Vittorio Castelli  Vittorio Castelli photo         

contact information

Distinguished Research Staff Member
Thomas J. Watson Research Center, Yorktown Heights, NY USA


Professional Associations

Professional Associations:  American Statistical Association  |  IEEE   |  Sigma Xi


My current work is in the Natural Language Processing area, and focuses on machine-learning algorithms for information extraction from text and on multilingual question answering.

I manage the to the Statistical Content Analysis group of the Multilingual NLP Technologies department, part of IBM Research AI.   I lead the Domain Adaptation subtheme of the Mastering Language theme, and co-lead the Understand Language subtheme of the Neuro-Symbolic AI theme.

Currently, my main focus area is question answering including multilingual question answering. Part of my work is in collaboration with the IBM Watson Group.   Among other customer engagements, I have worked on answering questions on legal data for an IBM customer.

You can see some of the recent work from my department here: - look for the "Research Literature Q&A service" link.  Another demo of the general QA technology can be found here:  - look for "GAAMA, an answer engine for your documents". 

I have created TechQA, a challenging dataset for question answering in the technical support domain, with a leaderboard hosted here: , and described in our paper The TechQA Dataset, accepted at ACL 2020, whose authors contributed to the dataset generation and leaderboard creation.

My theoretical work is on properties of active learning algorithms, specifically on the optimal number of labeled samples as a function of the number of unlabeled samples under broad parametric assumptions.

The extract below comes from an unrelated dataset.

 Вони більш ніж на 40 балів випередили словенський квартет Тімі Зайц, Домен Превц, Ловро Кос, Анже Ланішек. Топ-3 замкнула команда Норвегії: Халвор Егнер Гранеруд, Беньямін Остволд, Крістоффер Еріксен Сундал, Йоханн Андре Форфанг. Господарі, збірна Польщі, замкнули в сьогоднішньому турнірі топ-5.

I mentor co-workers on developing inventive ideas into patentable inventions and I serve a the lead of a technical expert board (IDT) in IBM internal evaluation of invention disclosures in the area of Natural Language Processing, and formerly in the general area of Cognitive Computing.  The latter board has been split into multiple boards alinged with various AI disciplines.  I am also a member of IDT that evaluates inventions from our Africa Labs and.

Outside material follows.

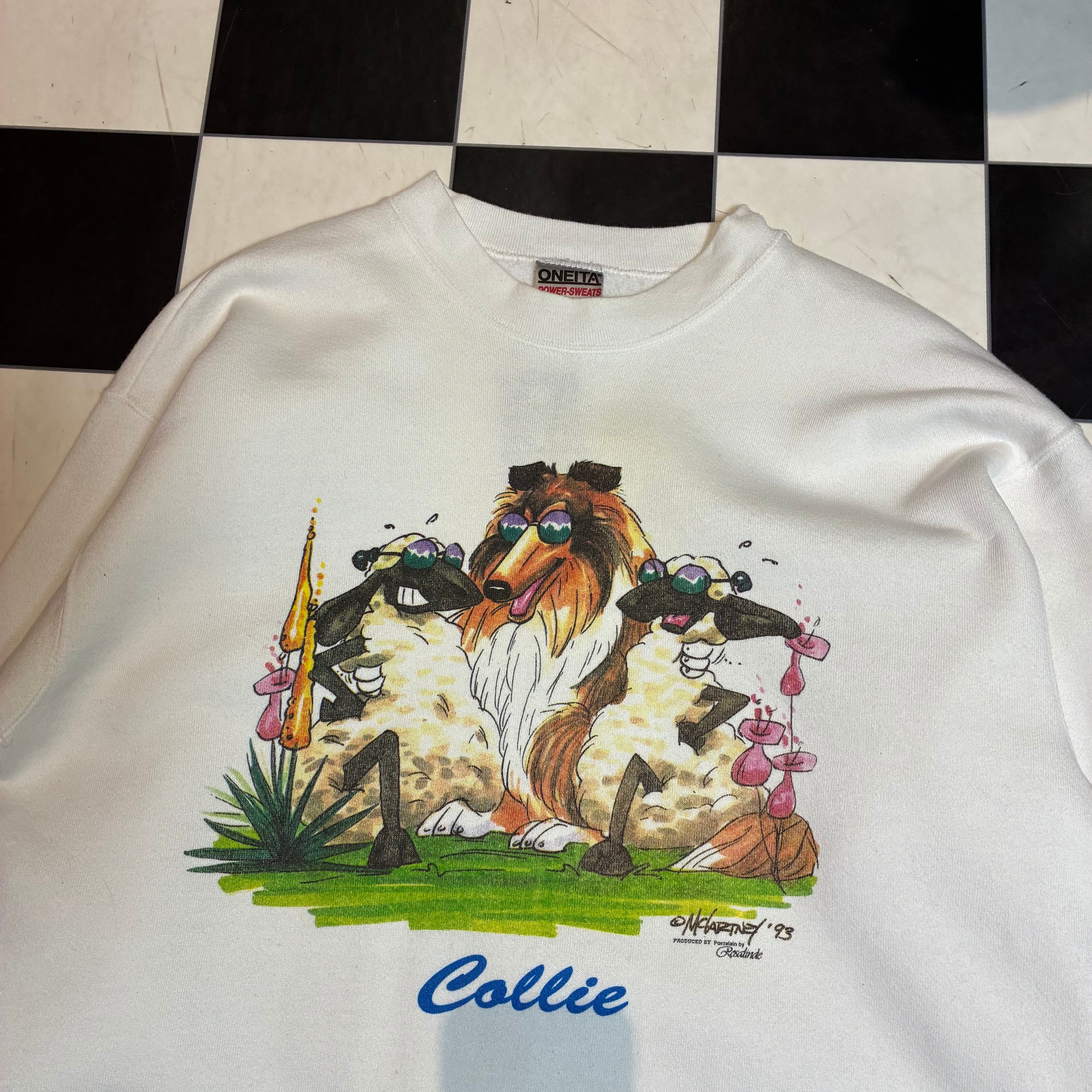 90s USA製 ONEITA アニマルスウェット 犬 白 L

My past work in my department was mostly focused on government projects:

I was the technical lead and principal architect for the ENEX project, which developed a system that enables users to search and browse a corpus of technical or news documents in terms of entities and and their relations.

I was the technical lead for the DELPHI consortium team that participated to the BOLT IR task in the DARPA BOLT program.  The team includes IBM as the primary and Columbia, UMASS, UMD, and Stanford as partners.  I am also the architect of the DELPHI IR system.

I worked on algorithms for the DARPA GALE Distillation task (precursor to the BOLT IR task), and in the last two years of the program I was the principal architect of the distillation system for the Rosetta consortium, lead by IBM.

My previous work at IBM has been in areas including intelligent user interfaces, autonomic computing, memory compression, statistical pattern recognition, image digital libraries, data mining, and multidimensional indexing structures.

In my spare time, I have taught Information Theory, as well as Statistical Pattern Recognition at Columbia University, through the EE department.

I served as the Watson chair of the Natural Language Processing Professional Interest Community, I am a member of the board that evaluates IBM Corporate Technical Awards (the highest technical recognition within IBM), I serve on the IBM T.J. Watson Culture Club, and I server as instructor for the Family Science Saturday program (an outreach program sponsored by the IBM T.J. Watson Research Center for fourth and fifth grade students), where I also coordinate one of the courses.